Before working with natural experiments, let’s first consider some toy models to demonstrate what identification really means. Suppose I have the following hypothesis:

Sleeping with shoes on leads to headaches in the morning.

How could I test this hypothesis?

The first option would be to run an RCT. In this RCT, I would sneak into homes at random as some Nike-Santa and put shoes onto people who are asleep. Then, I would record information on whether the participants had headaches the next morning. Of course, this is next to impossible, but let’s think through this. If I were to estimate a treatment effect, I would be able to interpret it as causal since the only thing differing between the groups is their treatment status. In this setting, the randomization allows me to ensure that I am identifying the treatment effect and not some other factor.

In the absence of an RCT or natural experiment, I need to rely on observational data. In this case, I would have to find some people who slept with their shoes on and some people who did not. Suppose the data I collect are as follows.

Table of Treatment Status and Observed Outcomes
Individual \((i)\) Treatment \((D)\) Outcome \((Y)\)
1 1 0
2 1 0
3 1 1
4 1 0
5 0 1
6 0 0
7 0 1
8 0 1

Reminder: \(D=1\) for individuals who slept with their shoes one, and \(Y = 1\) for individuals who are “healthy” (no headache).

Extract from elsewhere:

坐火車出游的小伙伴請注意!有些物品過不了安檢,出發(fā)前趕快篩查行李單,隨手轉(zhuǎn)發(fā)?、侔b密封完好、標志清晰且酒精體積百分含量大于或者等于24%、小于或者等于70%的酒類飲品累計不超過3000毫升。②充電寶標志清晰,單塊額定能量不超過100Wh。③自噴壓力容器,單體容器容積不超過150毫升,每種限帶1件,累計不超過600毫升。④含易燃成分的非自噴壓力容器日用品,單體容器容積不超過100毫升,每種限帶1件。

Remember, we can only observe a single universe, so this table is really a condensed version of the following:

Table of Treatment Status and Potential Outcomes
Individual \((i)\) Treatment \((D)\) Outcome \((Y(0))\) Outcome \((Y(1))\)
1 1 0 ?
2 1 0 ?
3 1 1 ?
4 1 0 ?
5 0 ? 1
6 0 ? 0
7 0 ? 1
8 0 ? 1

Here we observe most of the treated group have an outcome of 0 while most of the control group have an outcome of 1. Using these data, we can calculate \(E[Y|D = 0]\) and \(E[Y|D = 1]\) (the statistical estimands) with the parts of the data that we can observe as stand-ins for \(E[Y(0)]\) and \(E[Y(1)]\) (the causal estimands). Since \(E[Y | D = 1] = 0.75\) and \(E[Y | D = 0] = 0.25\), it seems that wearing shoes when you sleep does lead to more headaches! If we do this, our strategy to identify the treatment effect of shoes on headaches is simply throwing our hands up and assuming (hoping?) that treatment was randomly assigned.

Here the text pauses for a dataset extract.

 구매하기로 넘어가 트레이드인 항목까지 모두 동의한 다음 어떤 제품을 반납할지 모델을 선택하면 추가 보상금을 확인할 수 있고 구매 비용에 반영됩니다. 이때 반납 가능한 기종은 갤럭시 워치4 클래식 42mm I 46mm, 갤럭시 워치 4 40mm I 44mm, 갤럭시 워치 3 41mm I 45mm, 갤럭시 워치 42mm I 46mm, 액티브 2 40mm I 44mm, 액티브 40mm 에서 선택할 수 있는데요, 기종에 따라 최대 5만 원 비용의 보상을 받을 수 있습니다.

Before we run to tell people not to wear shoes when they sleep, let’s think about this a bit deeper. Is assuming random assignment of treatment a good assumption? Put differently, might there be something causing both sleeping with shoes on and waking up with a headache? Is there something about the treated individuals that makes them different from the untreated individuals? Since this is observational, there could be many reasons!

One possible reason would be drinking the night before. Drunk people are much more likely to fall asleep with their shoes on and wake up with a headache, or so I’ve been told. This is an example of a confounding variable: something that causes both the outcome and the treatment. When we have confounding variables, we need to control for them. In other words, we want to account for the factor that differs between the treatment and control groups. This is what we call our identification strategy. When we had our RCT, that randomization was our identifications strategy. In this case, our identifications strategy is controlling for this confounding variable.

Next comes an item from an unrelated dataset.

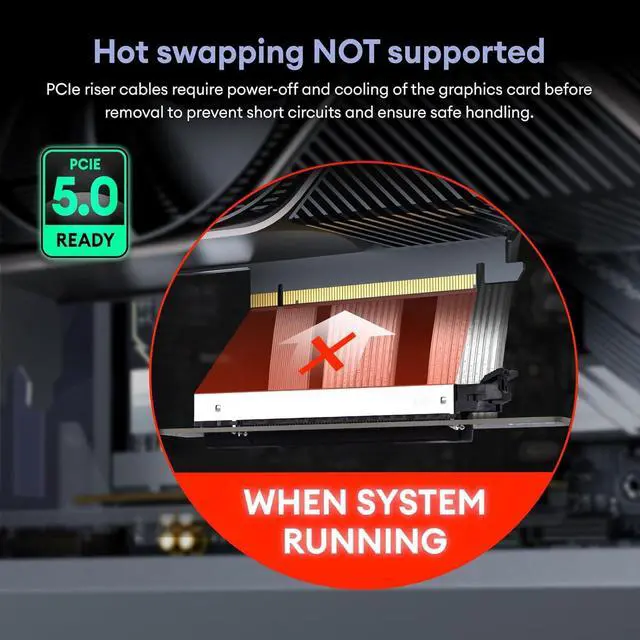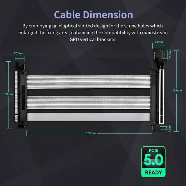 Gen 3 riser cable: This Graphics Card Extension Cable enabling vertical GPU display to showcase your hardware without sacrificing Gen 5 performance. Improves air circulation, prolongs GPU lifespan, and accommodates a wide range of GPUs. Ideal for users seeking better aesthetics and efficient cooling
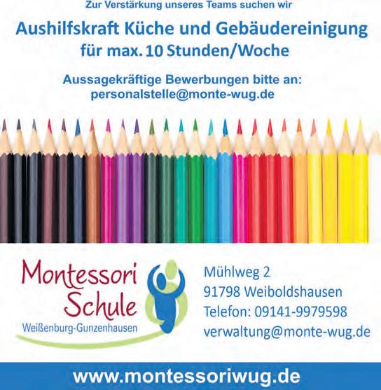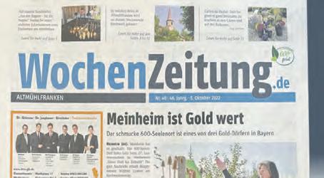 Seite 6 ALTMÜHLFRANKEN ALTMÜHLFRANKEN Nr. 34 · 52. Jahrg. · 23. August 2023 ☎ ANZEIGEN 0 91 41 / 85 93 – 12 REDAKTION 0 91 41 / 85 93 – 21 ✉ POST Rothenburger Straße 14 91781 Weißenburg E-MAIL anzeigen@wochenzeitung-online.de ☎ ZUSTELLUNG 0151 / 62 825 335 E-MAIL zustellung@wochenzeitung.de

How do we implement identification strategies? In short: econometrics. Using OLS, we can account for, or control for, confounding variables by including them in our regressions. For example, we can write the initial regression as the following:

\[\text{Headache}_i = \alpha + \delta\text{Shoes}_i + \epsilon_i\]

Here, \(\widehat{\delta}\) will be biased. In other econometrics courses, you might have heard of this as omitted variable bias. To address omitted variable bias, we need to control for the omitted, or confounding, variable. We can modify the regression like the following:

Note: drinking is positively correlated with both wearing shoes to bed and waking up with a headache. Therefore, \(\widehat{\delta}\) would be exhibit positive biased. In other words, we would probably fine \(\widehat{\delta} > 0\) because wearing shoes to bed is proxying for drinking the night before.

\[\text{Headache}_i = \alpha + \delta\text{Shoes}_i + \beta\text{Drink}_i + \epsilon_i\]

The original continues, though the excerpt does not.